Carol started guiltily. "Filia! I was just, uh-"

"Please, you don't have to explain yourself," said Filia, setting down the milkshakes on a nearby table, "least of all to me. If there's anyone who understands how people can change it's me, isn't that right Samson?"

"...Right," Samson answered cagily, unsure of whether his host was trying to catch him out.

"I just... can't believe it," said Carol, back to staring at the blades with a strange, lost look in her eyes. "It seems like I've been fighting FOREVER to get back to my normal life – to get back to being Carol... and now that I am..."

Filia leaned down to look right into Carol's eyes.

"You miss Painwheel?"

"I-" Carol blinked. "I... do. I really do. It's strange, but... even after everything I went through as her, even knowing how happy I am now that I don't need her anymore... I miss her. I miss that monster. I can't explain it."

Filia smiled kindly. "I can sympathise.
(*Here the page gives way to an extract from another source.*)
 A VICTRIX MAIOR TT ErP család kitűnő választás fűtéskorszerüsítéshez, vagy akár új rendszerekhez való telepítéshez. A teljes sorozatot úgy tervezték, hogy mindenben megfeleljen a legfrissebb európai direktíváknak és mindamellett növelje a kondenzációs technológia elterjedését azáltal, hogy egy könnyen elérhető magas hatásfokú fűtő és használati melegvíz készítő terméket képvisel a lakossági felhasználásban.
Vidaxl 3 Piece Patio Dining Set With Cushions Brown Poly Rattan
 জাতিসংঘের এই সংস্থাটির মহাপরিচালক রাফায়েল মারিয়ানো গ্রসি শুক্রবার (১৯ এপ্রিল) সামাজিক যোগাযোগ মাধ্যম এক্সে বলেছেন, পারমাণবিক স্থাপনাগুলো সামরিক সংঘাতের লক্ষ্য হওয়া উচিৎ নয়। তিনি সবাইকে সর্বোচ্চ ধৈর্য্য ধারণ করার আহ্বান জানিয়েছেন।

Believe it or not, Samson, I think I'd miss you if you went away."

"That ain't happening any time soon, kid," Samson growled protectively.

"And I'm glad of it, even if I don't know the reason why."
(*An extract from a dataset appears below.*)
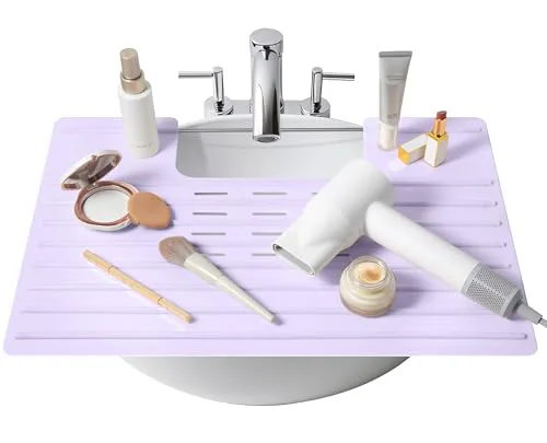Maplefield Silicone Bathroom Sink Cover for Extra Counter Space, Heat-Resistant Sink Topper and Makeup Mat, Foldable Bathroom Space Saver, Travel-Friendly Vanity Mat, Lavender, 22 x 2 x 2 Inches

Carol looked up at Filia. That same look was still in her eyes.

"Does it mean that... I'm still crazy? That I still haven't healed?"

"You'll never heal completely, Carol. The scars will always be apparent – both the ones on your face and your soul." Carol's hand flew up to her face, her fingers brushing lightly over the marks her stitched-on mask had left behind. "But missing Painwheel isn't necessarily a bad thing, when you think about it."

Carol frowned inquisitively. "What do you mean?"

"Well, even if she was the monstrous side of you, she was still strong. She was your courage in the face of impossible odds: the perverse determination to say no to everyone who attempted to control you, just because you still could. Painwheel is who you are – and who you might still be – when you're backed up against a wall with nowhere else to go. In a very real sense, Painwheel is your inner, most unbreakable strength given form and voice – just like my Samson is." Filia smiled that angelic smile of hers, affectionately twiddling a lock of Samson.

"I don't belong to you, kid," Samson muttered, but not very convincingly.

"...The will to fight," said Carol, very slowly and quietly. "The will to survive."

"But you don't need her anymore – at least, not for now, thank goodness," said Filia, picking up the milkshakes, handing one of them to Carol and taking a seat beside her on the bed. "You no longer have to devote yourself just to surviving: you can truly _live_, as you were meant to. The life that they almost succeeded in robbing from you forever is now yours again. Enjoy it."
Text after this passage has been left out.